Charles Heiné

Personal information
- Date of birth: 2 January 1920
- Place of birth: Colmar, France
- Date of death: 10 July 1971 (aged 51)
- Height: 1.72 m (5 ft 8 in)
- Position(s): Midfielder

Senior career*
- Years: Team / Apps / (Gls)
- 1938–1939: SR Colmar
- 1945–1946: SR Colmar
- 1946–1949: Strasbourg / 85 / (19)
- 1949–1952: Sochaux / 59 / (5)

International career
- 1947: France / 2 / (0)

= Charles Heiné =

French footballer (1920–1971)

Charles Heiné (2 January 1920 – 10 July 1971) was a French footballer who played as a midfielder. He played twice for the France national team during the 1946–47 season under Gaston Barreau and Gabriel Hanot.

==Career==
Born in Colmar, Heiné began his career at local side SR Colmar, playing in Division 2. He went on play for Racing Club de Strasbourg Alsace and FC Sochaux-Montbéliard.

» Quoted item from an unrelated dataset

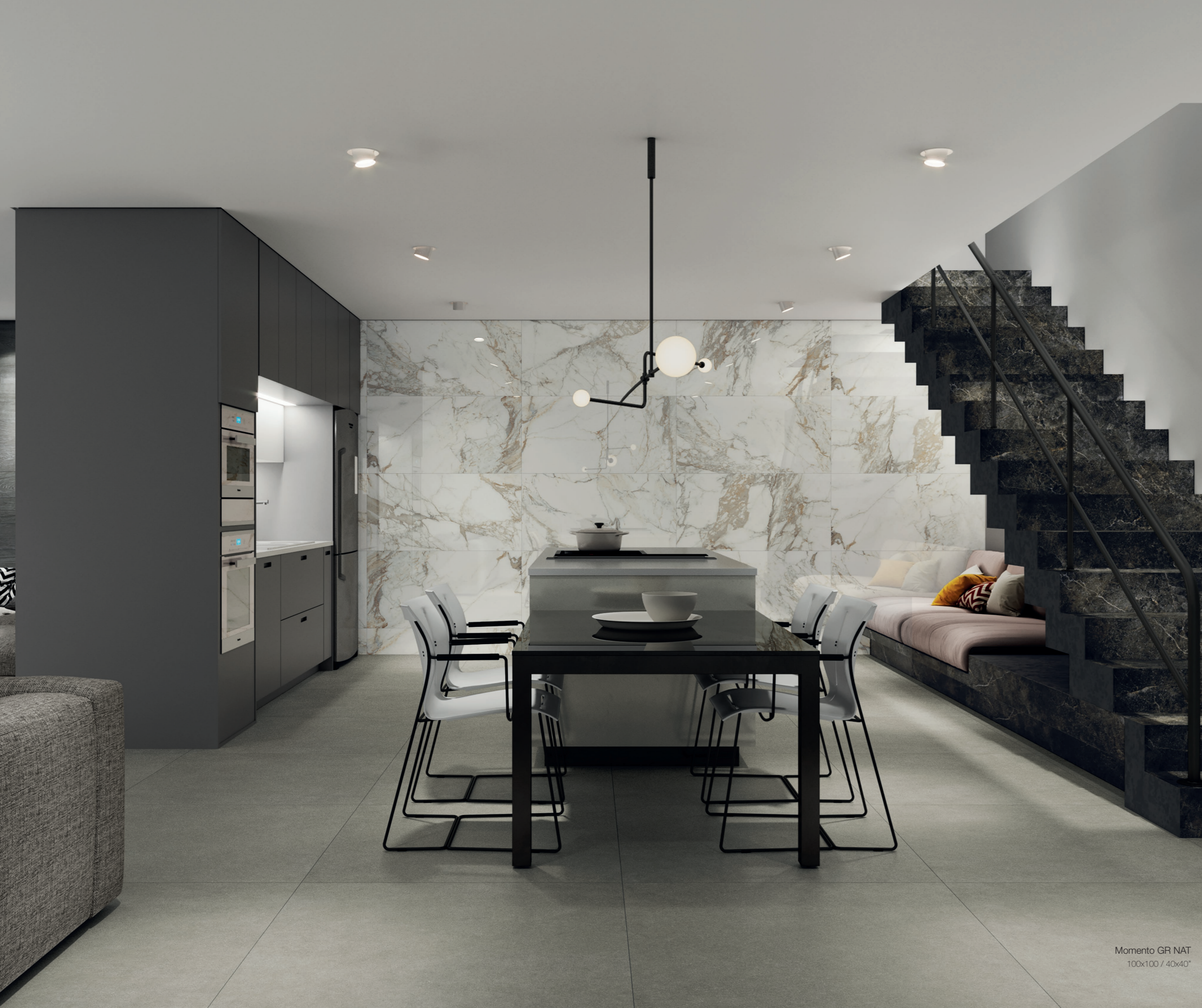
Momento GR NAT 100x100 / 40x40"

A coleção Momento reproduz fielmente o cimento. Com uma paleta de três tons, as peças são para ambientes que pedem neutralidade para viver momentos incríveis.

At Strasbourg, he appeared in the 1947 Coupe de France final against Lille OSC which Strasbourg lost 2–0. He made 100 Division 1 appearances scoring 11 goals.

He made two appearances for the France, on 1 June 1947 in a 4–2 win against Belgium and one week later, in a 1–2 win away to Switzerland.